Fitch Ratings on Tuesday said it expects the government to phase out the windfall tax on domestic oil production next year in line with the moderation in the international crude oil prices. The agency also expects oil marketing companies (OMCs) to partly recoup the losses suffered as a result of a freeze on the retail prices of petrol and diesel this year.

“Strong oil prices — despite some moderation from very high levels in 2022, together with higher domestic gas prices (revised every six months with a lag to spot international prices) — should enable robust upstream cash flow. We expect the windfall taxes on domestic crude oil production to be phased out in 2023 with moderating prices,” Fitch said in its APAC oil and gas outlook for 2023.

“We also expect OMCs’ marketing margins to recover and partly recoup 2022’s losses, given our modestly lower crude-price assumptions. However, refining margins may ease to mid-cycle levels from all-time highs though still remaining healthy, which should support improvement in OMCs’ credit metrics,” it added.

Higher capex

Fitch is forecasting that capex will remain high for Indian downstream firms during FY24 as they continue to invest in expanding refining capacity and retail networks. Capex for upstream companies will be driven mainly by their continuing efforts to expand production. HPCL and OIL’s capex intensity is the highest, driven by investment in the greenfield and brownfield refinery expansion of their respective associates/subsidiaries, it added.

“Reliance Industries’ large investment plans for its existing oil-to-chemicals and new energy businesses are likely to be funded largely through internal accruals, supporting its low leverage, We expect HPCL-Mittal Energy capex intensity to decline as its petrochemical plant is mechanically complete,” Fitch said.

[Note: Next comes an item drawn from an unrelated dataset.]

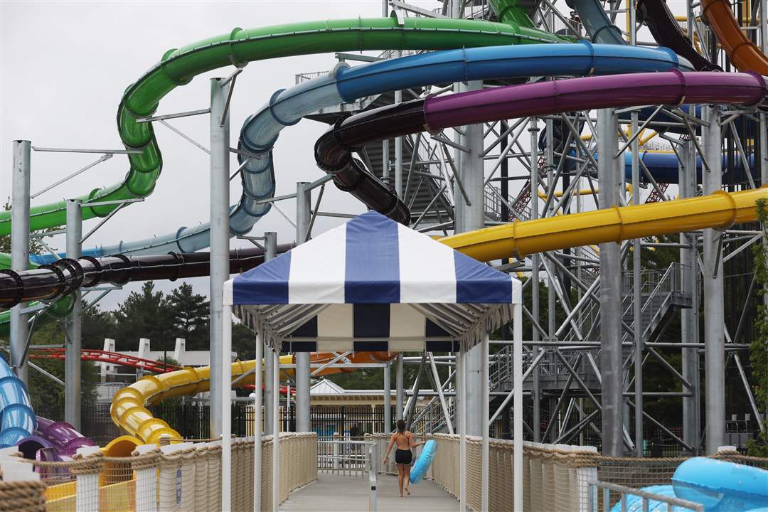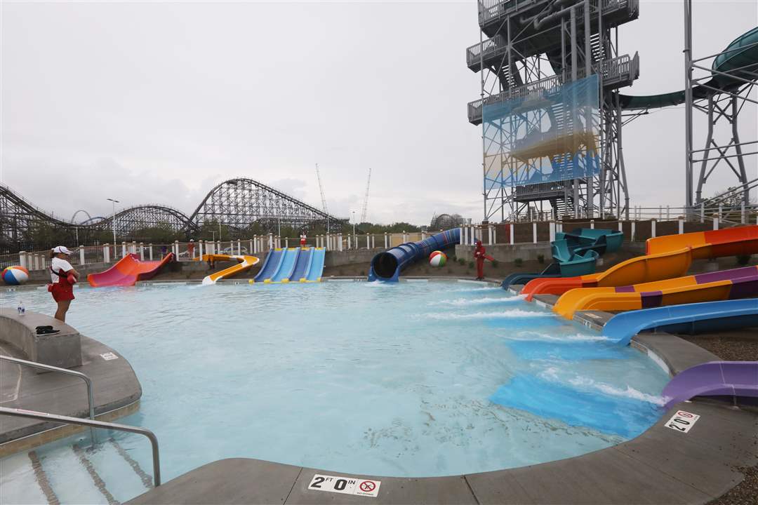 New attractions Point Plummet, left, and Portside Plunge, part of the newly renamed Cedar Point Shores Waterpark in Sandusky. The waterpark has 17 attractions in total, including two new rides and two new children's areas.

Fitch Ratings Senior Director Muralidharan Ramakrishnan said, “Fitch expects oil prices to continue to support strong upstream cash flow while downstream profitability is likely to recover modestly, supported by slightly lower average crude costs alleviating pressure on retail fuel prices. Therefore, headroom should remain adequate for the standalone credit profiles (SCPs) of integrated or upstream companies despite large capex. SCP headroom will remain low for Indian OMCs recovering from losses.”